On 6/24/2013 1:23 PM, Gilles Chehade wrote:
"relay backup" is used to setup secondary mail servers for a domain,
that is a server that accept mails for a domain and relay to MXs with
higher priority (i.e. lower preference in DNS).
So when you specify 'mx' as a parameter for the 'backup' keyword,
what does that mean precisely? A DNS server host name? A preference
value?
When I see MX, I think of the MX records in the DNS zone file. I
tried using a preference value, and that was rejected by smtpd as
invalid.
If the backup parameter is specified, the current server
will act as a backup server for the target domain.
Accepted mails are only relayed through servers with a
lower preference value in the MX record for the domain
than the one specified in mx. [...]
therefore:
accept for domain foobar.org relay backup mx2.example.org
will turn your machine as a backup mx for domain foobar.org with the
same priority as mx2.example.org, only relaying to other MXs that have
a higher priority
Excellent. That's precisely what I needed to know. Thank you!
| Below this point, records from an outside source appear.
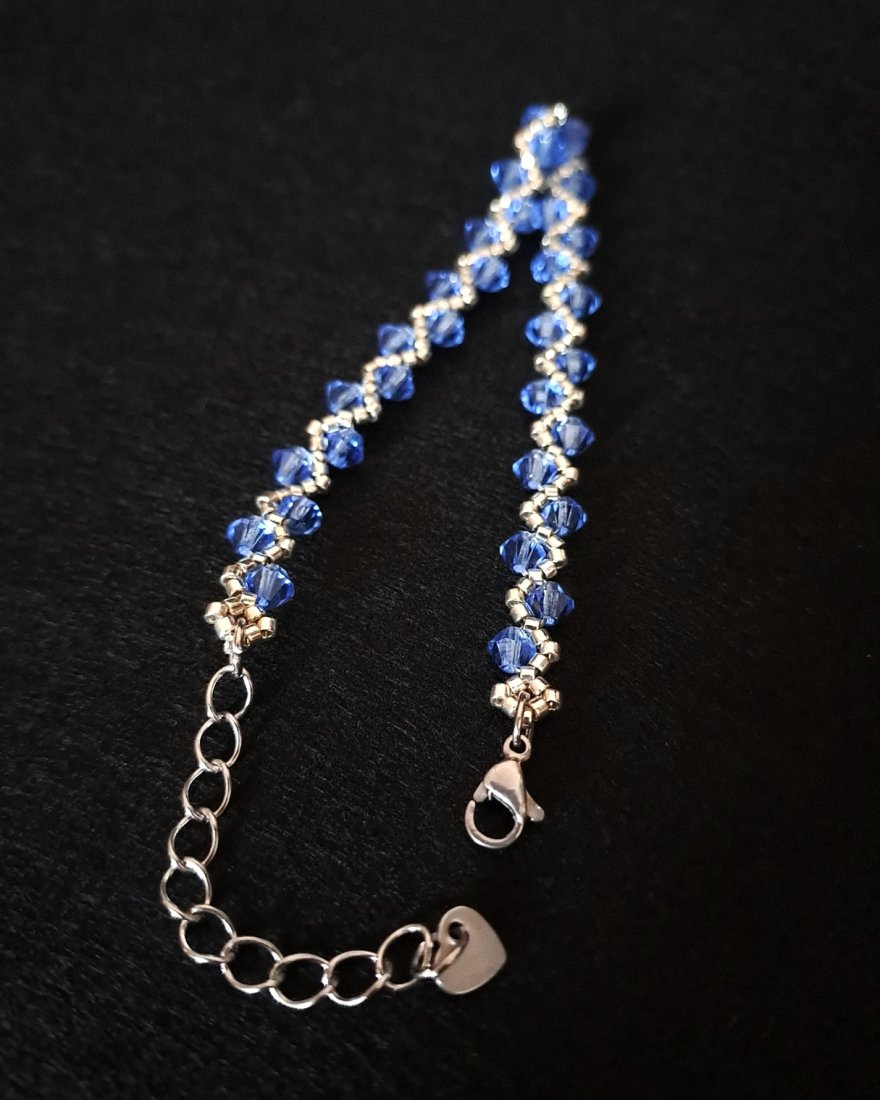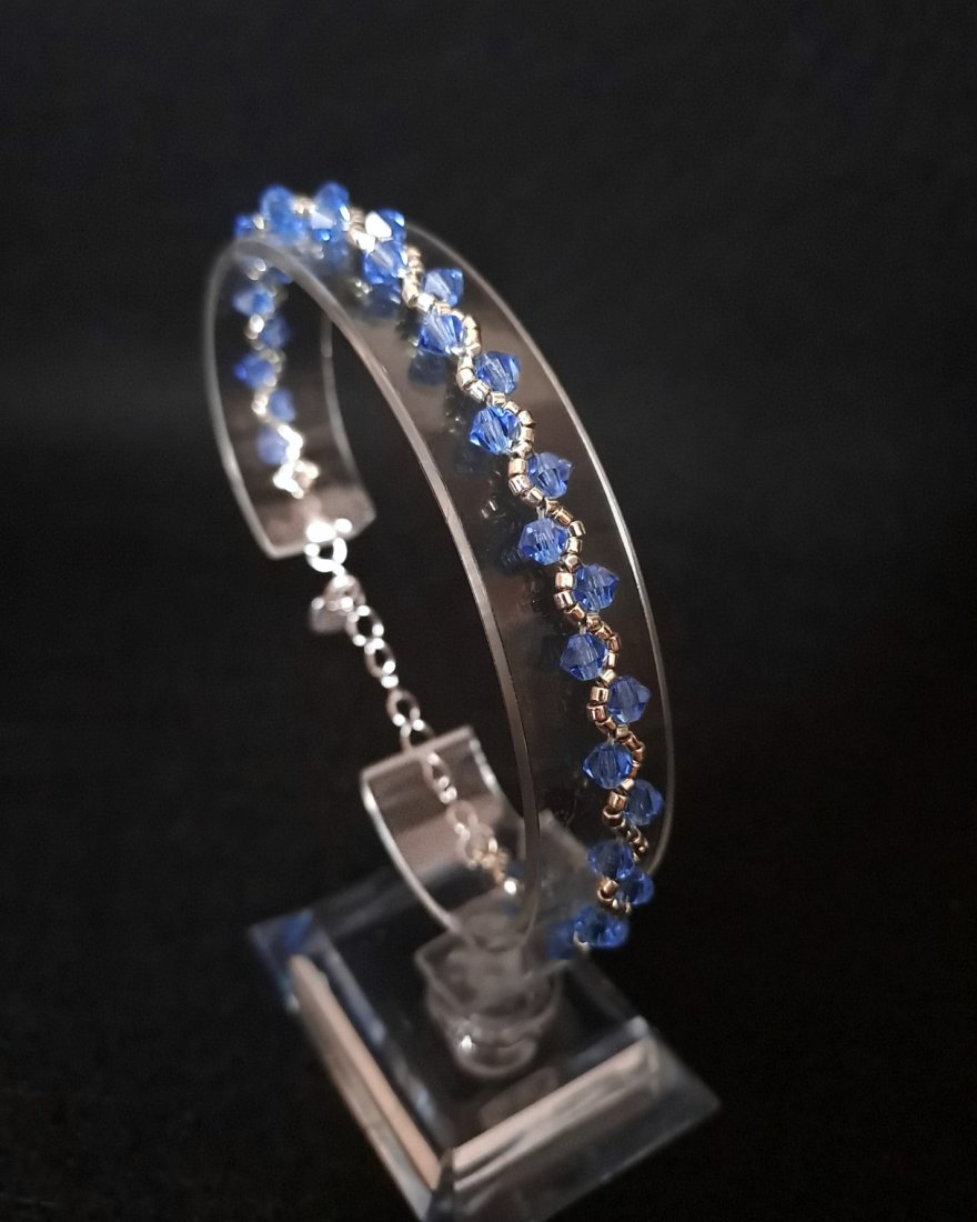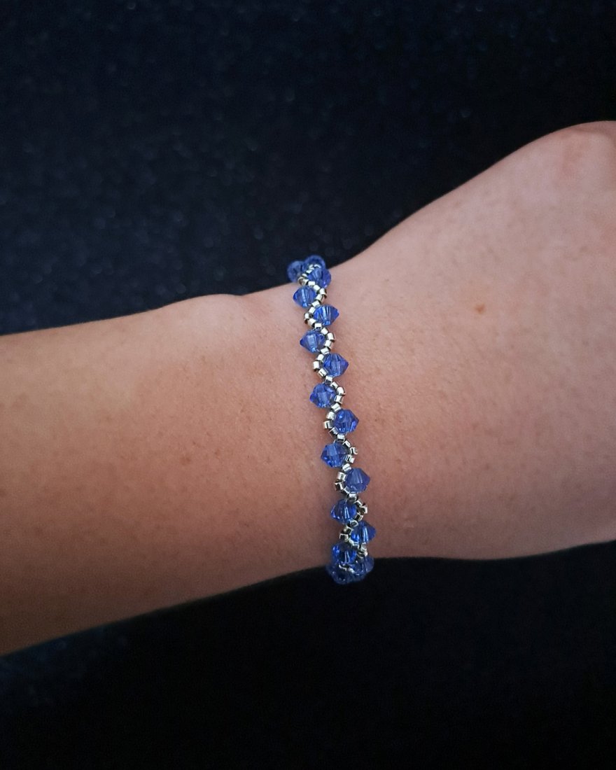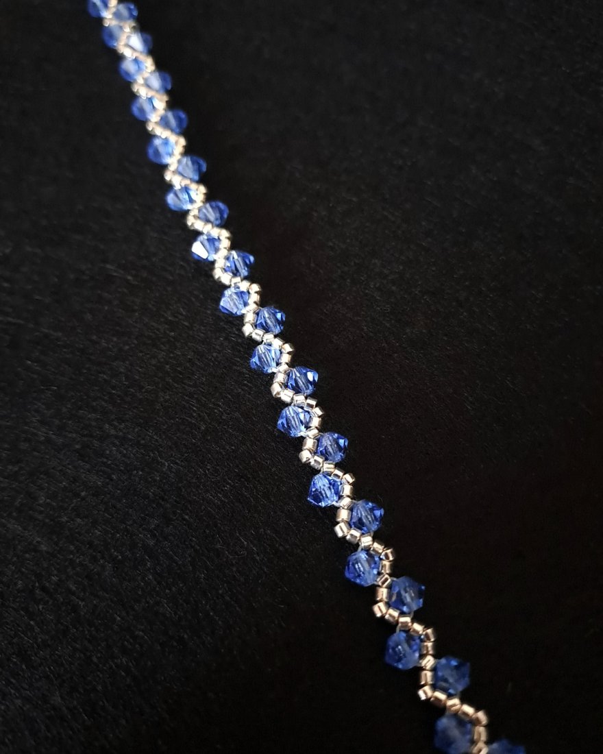 Sapphire Clarity to bransoletka stworzona z myślą o tych, które cenią prostotę podaną z absolutną dbałością o detal. W tym projekcie wszystko ma swoje miejsce: srebrne koraliki Miyuki Delica tworzą ramę, a niebieskie kryształki Preciosa nadają kompozycji niebanalny wygląd.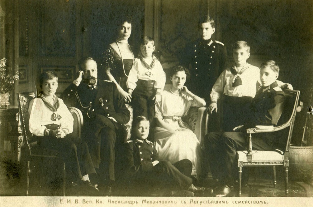 "Великий князь Алекса́ндр Миха́йлович (Сандро́; 1 [13] апреля 1866, Тифлис — 26 февраля 1933, Рокебрюн) — российский государственный и военный деятель, четвёртый сын великого князя Михаила Николаевича и Ольги Фёдоровны, внук Николая I."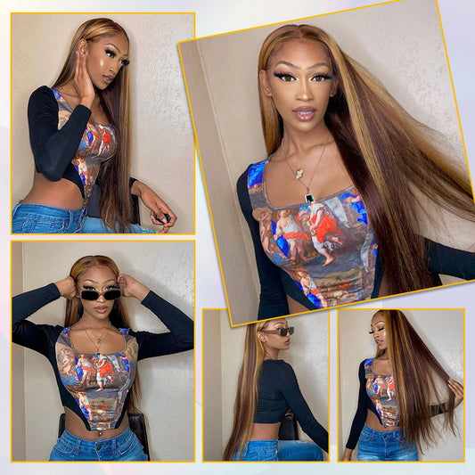 Highlight Glueless Human Hair Wig | Ready-to-Wear 200% Density Ombre Straight 13x6 HD Lace Frontal Wig (Pre-Plucked, Pre-Cut)

Also, there is something in the smptd.conf(5) man page which I found
confusing. In the second example, it says "The mail server has an
external interface bnx0." But then the example code goes on to say
"listen on egress". Why is the interface 'bnx0' mentioned if it's not
actually used in the example code? I'm assuming that is a mistake, but I
don't know enough to say for certain.
Thanks again for this fantastic software. It pleases me to no end to
never have to look at a .mc file ever again.